Ethical considerations
Ethical clearance to conduct this study was obtained from the Nelson Mandela University Research Ethics Committee (No. H21-EDU-PGE-021).
Results
Reclaiming the purpose of Technical and Vocational Education and Training through student voice
This section presents empirical insights drawn from a PAR study involving 15 TVET graduates in the Eastern Cape province of South Africa. Data were generated through LCG meetings, a Freirean-inspired dialogical space where participants critically reflected on their educational experiences, social conditions and visions for change. The PAR approach ensured that participants were not merely research subjects, but co-researchers and co-theorists, engaging in collective meaning-making and inquiry. Sessions were transcribed, collaboratively reviewed and thematically analysed to identify recurring patterns, contradictions and emergent possibilities.
The findings are organised under four interrelated empirical themes that emerged inductively from participant narratives: (1) disillusionment and institutional betrayal, (2) the weight of structural marginalisation, (3) emergent praxis and reimagining TVET, and (4) pedagogical incompetence and the absence of dialogical teaching. These themes reflect both the depth of participants’ critique of current TVET systems and their capacity to theorise alternative futures.

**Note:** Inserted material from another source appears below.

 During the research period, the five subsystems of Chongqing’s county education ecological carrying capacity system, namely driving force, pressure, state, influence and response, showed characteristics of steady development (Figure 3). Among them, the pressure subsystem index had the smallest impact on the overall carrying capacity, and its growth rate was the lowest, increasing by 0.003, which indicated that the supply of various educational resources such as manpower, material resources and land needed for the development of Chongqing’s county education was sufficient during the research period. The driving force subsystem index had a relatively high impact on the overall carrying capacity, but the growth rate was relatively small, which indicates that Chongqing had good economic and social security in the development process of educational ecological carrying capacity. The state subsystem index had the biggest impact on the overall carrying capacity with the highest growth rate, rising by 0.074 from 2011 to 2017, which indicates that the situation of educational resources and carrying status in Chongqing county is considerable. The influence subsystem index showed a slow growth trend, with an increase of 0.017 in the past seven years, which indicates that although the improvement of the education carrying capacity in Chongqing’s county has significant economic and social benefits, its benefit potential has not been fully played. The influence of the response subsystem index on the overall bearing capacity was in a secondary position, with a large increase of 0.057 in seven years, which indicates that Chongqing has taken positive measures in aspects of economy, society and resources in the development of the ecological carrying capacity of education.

Theme 1: Disillusionment and institutional betrayal
Participants expressed profound disappointment in how the TVET system, particularly the NC(V), failed to deliver on the promises of employment, further study or socio-economic mobility. This sense of institutional betrayal was a dominant thread throughout the data:
‘I thought my certificate would change my life, but I am still struggling. I try to stay positive, but I feel lost. What was the point of all that studying?’ (Participant, ZWS, 07 October 2021)

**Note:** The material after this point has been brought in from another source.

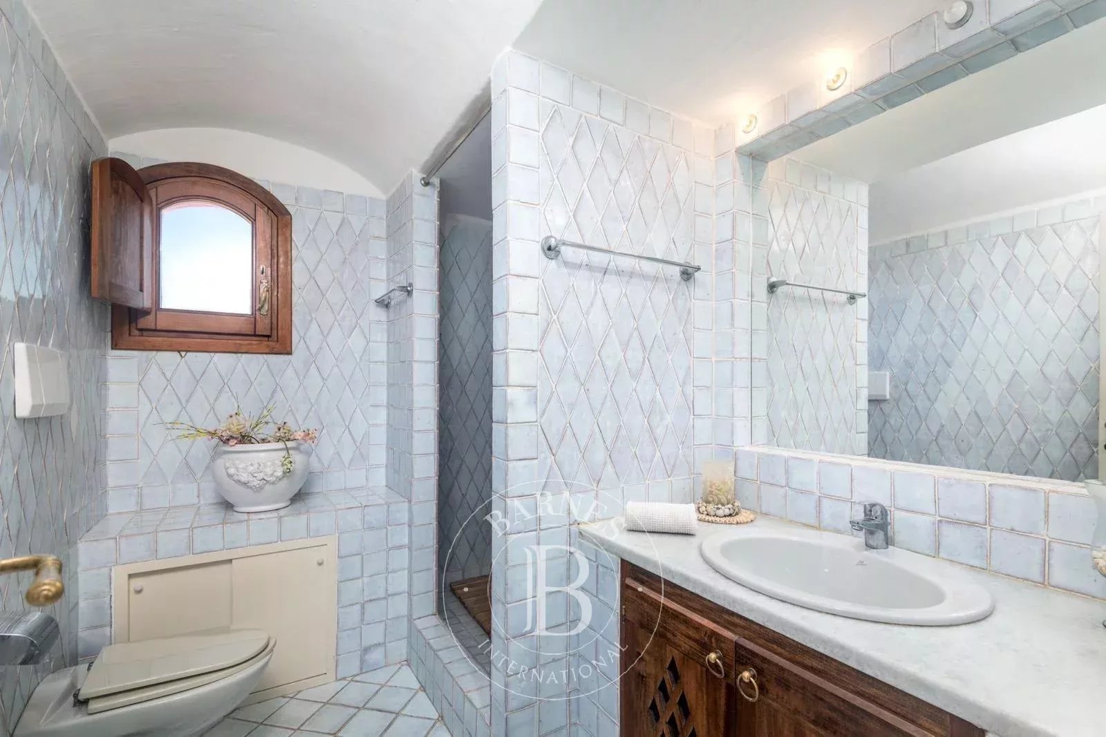 The interiors include a fully equipped kitchen, three elegant bedrooms, and three bathrooms, designed with both style and practicality in mind. The property is further enriched by an elegant communal swimming pool and a private parking space, while a separate guest or staff room with private bathroom adds an additional touch of comfort and versatility. An exceptional opportunity to acquire a sophisticated residence in one of the most prestigious locations of Costa Smeralda, where refined living meets unparalleled views.

‘I didn’t enrol in college to sit at home … What for? Only to struggle like this?’ (LCG meeting, B01, 16 October 2021)
‘Yes, I might be hungry coming to school … but we had to come to college because we want to change our lives and that of our families.’ (LCG meeting, B01, 16 October 2021)
These reflections echo Freire’s (1970) critique of the banking model of education, where learners are treated as passive recipients of content without the consideration of their real-world aspirations and constraints. The NC(V), although designed to promote work-readiness, often left students with credentials that were not recognised by universities or employers (Majola et al., 2024). This contributed to feelings of despair, futility and alienation:
‘You find out the emails about the internships are only sent out to N6 graduates … with your Level 4, you cannot qualify.’ (LCG meeting, B01, 16 October 2021)
This deep sense of disenchantment illustrates how institutional systems, although presented as empowering, can perpetuate false promises – a form of symbolic violence, wherein the appearance of opportunity masks deep structural exclusions.
Theme 2: The weight of structural marginalisation
While some critiques targeted institutional policies, many participants located their struggles within broader structural inequalities, including poverty, spatial exclusion and economic instability:
‘We can talk about our problems, but then what? Will anything change? Is there going to be food on our tables when we go back home?’ (Participant, QRS, 10 October 2021)
Another participant further states:
‘Everyone here can tell you poverty is real in the township … but we have to stand up with hope that education can help us improve.’ (LCG meeting, B01, 16 October 2021)
These voices point to the contextual realities that TVET policy often ignores. The policy rhetoric of ‘access’, ‘skills pathways’ and ‘employability’ does not align with the lived conditions of most graduates. As Ngcwangu (2019) argues, the employability discourse shifts responsibility to individuals while obscuring the systemic barriers that undermine real opportunity. Graduates feel qualified yet under-valued, caught in liminal spaces between educational achievement and economic exclusion.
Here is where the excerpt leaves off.